→ DATA
•••

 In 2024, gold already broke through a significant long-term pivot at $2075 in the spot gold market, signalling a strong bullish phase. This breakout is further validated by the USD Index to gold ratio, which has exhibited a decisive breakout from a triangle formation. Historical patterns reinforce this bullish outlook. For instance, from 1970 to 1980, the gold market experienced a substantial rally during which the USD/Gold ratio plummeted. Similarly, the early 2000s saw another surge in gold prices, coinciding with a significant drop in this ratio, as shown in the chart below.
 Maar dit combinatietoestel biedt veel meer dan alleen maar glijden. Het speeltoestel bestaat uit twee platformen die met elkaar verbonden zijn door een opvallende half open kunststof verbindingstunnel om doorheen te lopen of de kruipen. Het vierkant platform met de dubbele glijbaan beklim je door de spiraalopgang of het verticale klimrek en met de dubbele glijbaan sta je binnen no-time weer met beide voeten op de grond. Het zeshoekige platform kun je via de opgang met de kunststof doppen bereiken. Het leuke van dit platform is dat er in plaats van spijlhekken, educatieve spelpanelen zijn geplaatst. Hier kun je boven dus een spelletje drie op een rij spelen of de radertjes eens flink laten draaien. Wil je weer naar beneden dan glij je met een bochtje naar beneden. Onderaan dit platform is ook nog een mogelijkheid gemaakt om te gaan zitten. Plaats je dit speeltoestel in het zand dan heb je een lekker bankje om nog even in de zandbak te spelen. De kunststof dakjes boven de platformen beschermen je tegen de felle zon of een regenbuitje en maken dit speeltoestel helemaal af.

•••

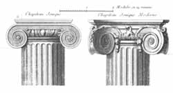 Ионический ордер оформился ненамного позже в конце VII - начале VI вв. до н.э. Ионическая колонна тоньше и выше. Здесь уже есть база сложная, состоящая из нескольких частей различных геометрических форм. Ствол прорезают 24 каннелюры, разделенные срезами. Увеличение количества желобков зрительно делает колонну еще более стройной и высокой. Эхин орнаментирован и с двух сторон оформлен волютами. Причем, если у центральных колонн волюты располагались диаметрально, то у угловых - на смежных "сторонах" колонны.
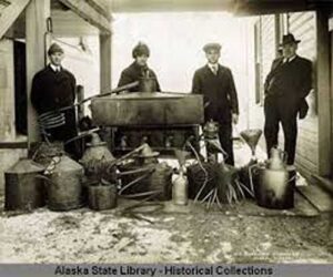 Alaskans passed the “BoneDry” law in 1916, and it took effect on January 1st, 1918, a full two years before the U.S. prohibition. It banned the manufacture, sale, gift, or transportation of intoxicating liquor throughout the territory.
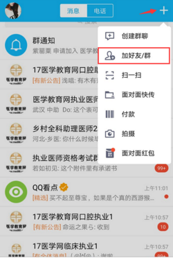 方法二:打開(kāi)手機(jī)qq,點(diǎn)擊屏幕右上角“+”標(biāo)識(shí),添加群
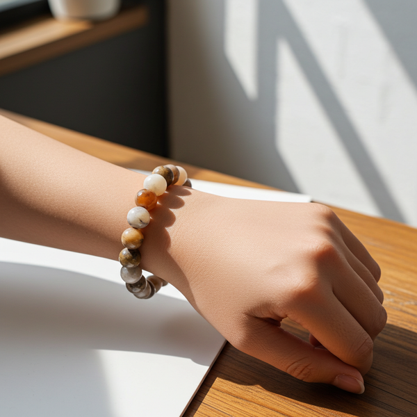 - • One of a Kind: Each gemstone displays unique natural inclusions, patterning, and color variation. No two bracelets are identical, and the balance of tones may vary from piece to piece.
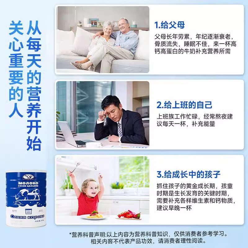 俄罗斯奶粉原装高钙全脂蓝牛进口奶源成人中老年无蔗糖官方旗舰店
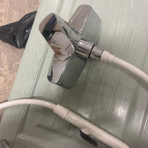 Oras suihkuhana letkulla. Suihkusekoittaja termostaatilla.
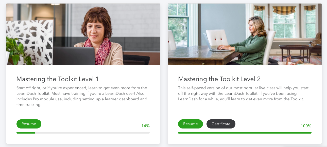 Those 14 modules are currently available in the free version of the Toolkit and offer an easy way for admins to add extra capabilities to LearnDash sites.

•••

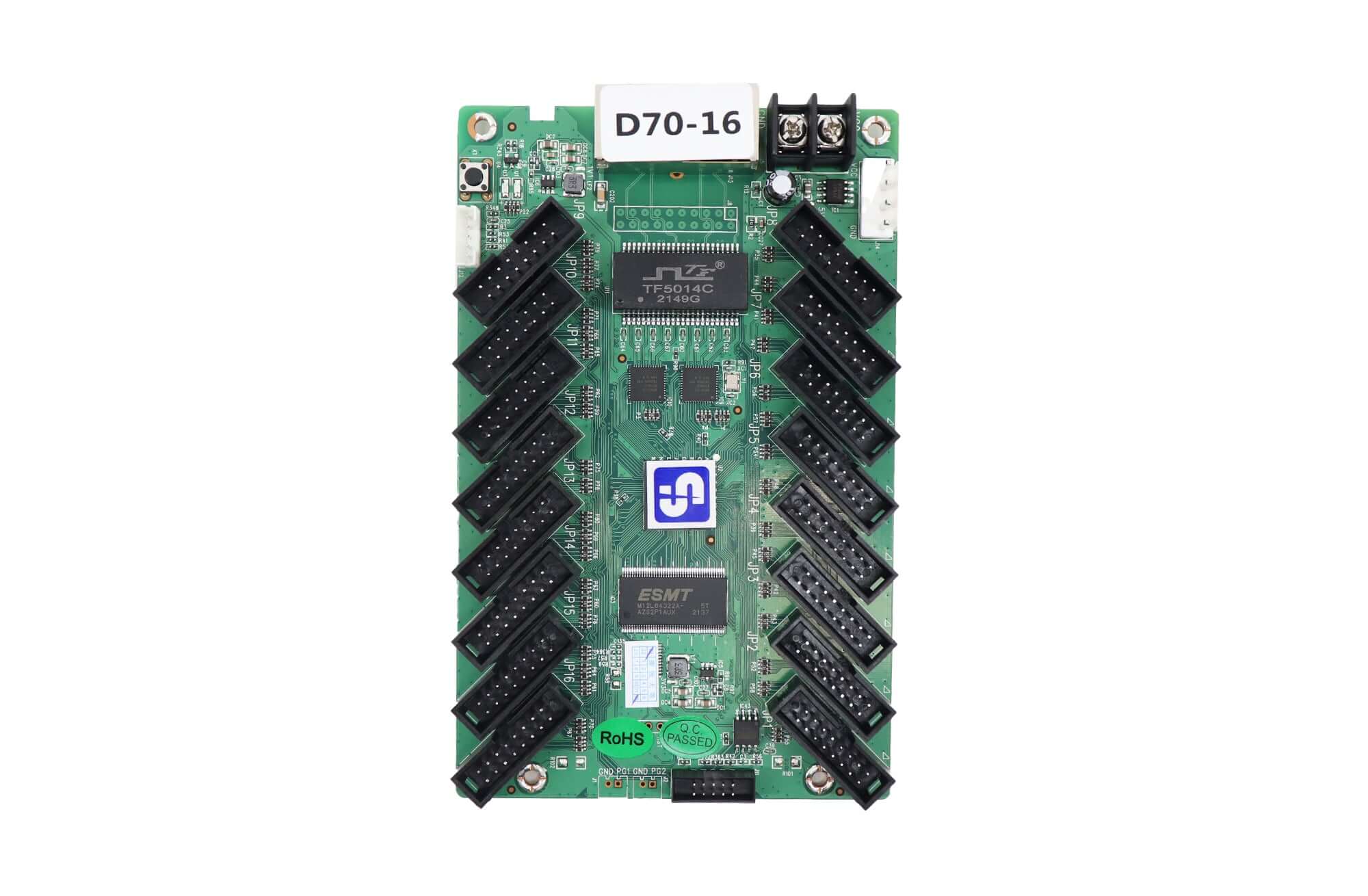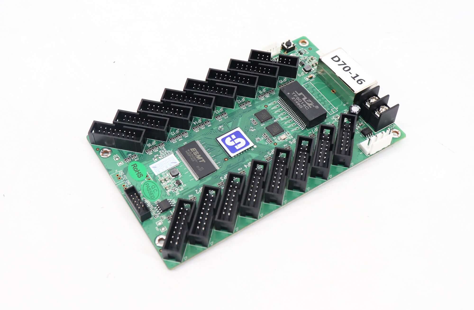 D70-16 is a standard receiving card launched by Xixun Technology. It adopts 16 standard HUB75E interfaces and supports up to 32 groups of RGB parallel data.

•••

→ WHAT THE TASK REQUIRES
No picture is to be printed. Output exactly the lines above from the line containing "Ионический ордер оформился" through the line containing "Those 14 modules".

→ ANSWER BELOW
 Ионический ордер оформился ненамного позже в конце VII - начале VI вв. до н.э. Ионическая колонна тоньше и выше. Здесь уже есть база сложная, состоящая из нескольких частей различных геометрических форм. Ствол прорезают 24 каннелюры, разделенные срезами. Увеличение количества желобков зрительно делает колонну еще более стройной и высокой. Эхин орнаментирован и с двух сторон оформлен волютами. Причем, если у центральных колонн волюты располагались диаметрально, то у угловых - на смежных "сторонах" колонны.
 Alaskans passed the “BoneDry” law in 1916, and it took effect on January 1st, 1918, a full two years before the U.S. prohibition. It banned the manufacture, sale, gift, or transportation of intoxicating liquor throughout the territory.
 方法二:打開(kāi)手機(jī)qq,點(diǎn)擊屏幕右上角“+”標(biāo)識(shí),添加群
 - • One of a Kind: Each gemstone displays unique natural inclusions, patterning, and color variation. No two bracelets are identical, and the balance of tones may vary from piece to piece.
 俄罗斯奶粉原装高钙全脂蓝牛进口奶源成人中老年无蔗糖官方旗舰店
 Oras suihkuhana letkulla. Suihkusekoittaja termostaatilla.
 Those 14 modules are currently available in the free version of the Toolkit and offer an easy way for admins to add extra capabilities to LearnDash sites.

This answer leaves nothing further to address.